The groan of a rotting corpse droned as Croaker sent another fire charm after the monstrous preserved king, resin-hardened wrappings slashing through the air like blades. He swore as the monster raised its ancient arms, a wave of mud coming up from the floor to absorb the spell.

"RUN!" a younger wizard shouted, his wand movements forming a shield to block the black-green haze that emanated from the monster, almost certainly an impossibly complex dark curse. His long red hair was covered in the same mud in which his dragonhide boots were sloshing. "It's not worth it!"

On any other day, the Unspeakable would have been inclined to agree, but the ghost he was chasing would not elude him so easily. There were dark secrets to discover, and if the pitch blackness of an ancient tomb was the last place to look, he would be none too surprised.

"Get on ahead, boy, I'll finish the job!" he shouted back, unwilling to carry two corpses out.

"Incendio!" The younger man severed an ancient wrapping as it whipped past his head. That's a good man, there.

"Bill! The thing you had before, the-" Croaker heaved himself out of the way of a dark curse, sending back one of his own. Killing curses seemed to have no effect.

The long-dead king raised his arms again, disappearing momentarily into a shadow, moving about on the floor. The sound of a skull's rotten teeth clacking rang out through the room.

"He's laughing at us." the young man muttered without any humor at all. It was the kind of conviction that came with years of experience.

Where the hell did he go?

How the hell did I get here?

It had been years since Croaker had been to Africa, and years longer since he had seen anything like what he was assigned to find.

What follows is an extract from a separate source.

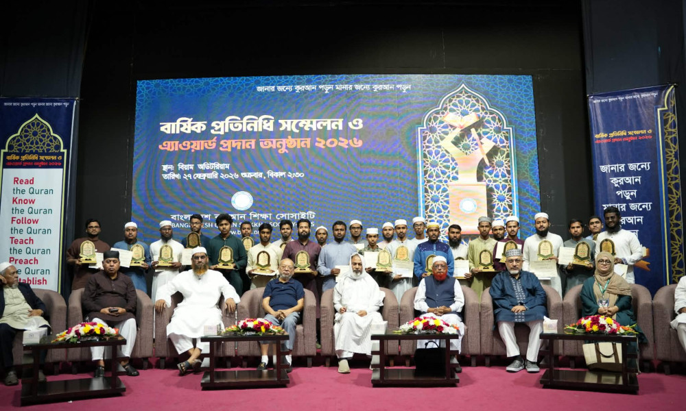 বাংলাদেশ কোরআন শিক্ষা সোসাইটির উদ্যোগে শুক্রবার (২৭ ফেব্রুয়ারি) জুমার পর দুপুর ২টা ৩০ মিনিটে ঢাকার ৬৩ নিউস্কাটনস্থ বিয়াম অডিটরিয়ামে বার্ষিক প্রতিনিধি সম্মেলন ও অ্যাওয়ার্ড প্রদান অনুষ্ঠান অনুষ্ঠিত হয়। অনুষ্ঠানে সভাপতিত্ব করেন সোসাইটির সভাপতি মাওলানা আবদুস শহীদ নাসিম এবং অনুষ্ঠানটি যৌথভাবে পরিচালনা করেন সহসভাপতি মাহফুজুর রহমান ও সহকারী জেনারেল সেক্রেটারি আরশাদ মঞ্জুর চৌধুরী।
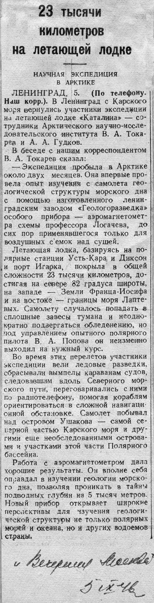В Ленинград с Карского моря вернулись участники экспедиции на летающей лодке «Каталина» — сотрудники Арктического научно-исследовательского 'института В. А. Токарев и А. А. Гудков.

"Bill Weasley, I'll be damned."

The red-haired wizard looked back, some kind of amulet in his hands. The Intelligence at the Department had been correct in stating that he could be found in the same cafe, every day at noon. The evening sun came in through the bottle-glass green of the mosaic in the stone wall.

"Croaker! It's been ages since you were out here for Ahura-tet." he responded, setting down whatever curio he was working out. "How are things at the Department?"

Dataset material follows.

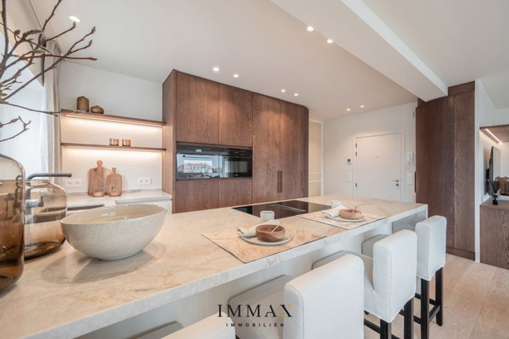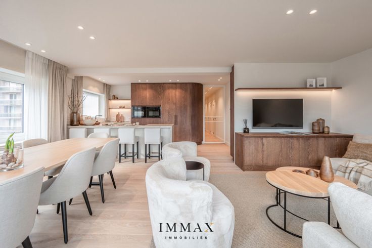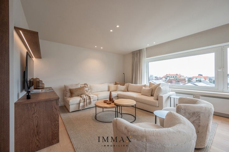 Dit prachtige en exclusieve appartement is ideaal gelegen nabij het Albertstrand te Duinbergen en combineert luxe, comfort en een adembenemend open zicht. Bij binnenkomst verwelkomt een stijlvolle inkomhal met een apart gastentoilet u in een lichtrijke en ruime leefruimte, waar de eetkamer naadloos overgaat in een hoogwaardig afgewerkte open keuken. De doordachte indeling omvat drie ruime slaapkamers, waarvan twee met een ensuite douchekamer, aangevuld met een extra afzonderlijke douchekamer voor optimaal comfort. Daarnaast beschikt het appartement over een gemeenschappelijke fietsenberging met vijf fietshaken. Voor extra gemak is er de mogelijkheid tot aankoop van een ruime parkeerplaats binnen dezelfde residentie. Dit exclusieve appartement vormt de perfecte uitvalsbasis voor wie op zoek is naar een luxueuze woonervaring aan de kust. Aarzel niet om ons te contacteren voor meer informatie: tel. : 050 62 44 14 of via knokke@immax.be

"Can't tell a soul, as always." The mood did not darken so much as he might have thought. Young man probably can't tell his own family what he's doing. If I had one, I might even feel bad for him.

In truth, he was in Egypt after a particularly busy year chasing down rumors, doing ground research, and deciding the most likely place was the Valley of Kings. The information he had out of Ebony's interrogation was highly suspect at first, but everything he had discovered since then corroborated the story. If she keeps this up, she'll be an Inspector again- even after everything that she did. The worst part about being an Unspeakable was that he knew every sordid detail of how she treated the students at Hogwarts, the children, not to mention everything she had been researching and yet there was precisely nothing he could do about it, since he was forbidden from divulging anything he learned in a secret Department interrogation.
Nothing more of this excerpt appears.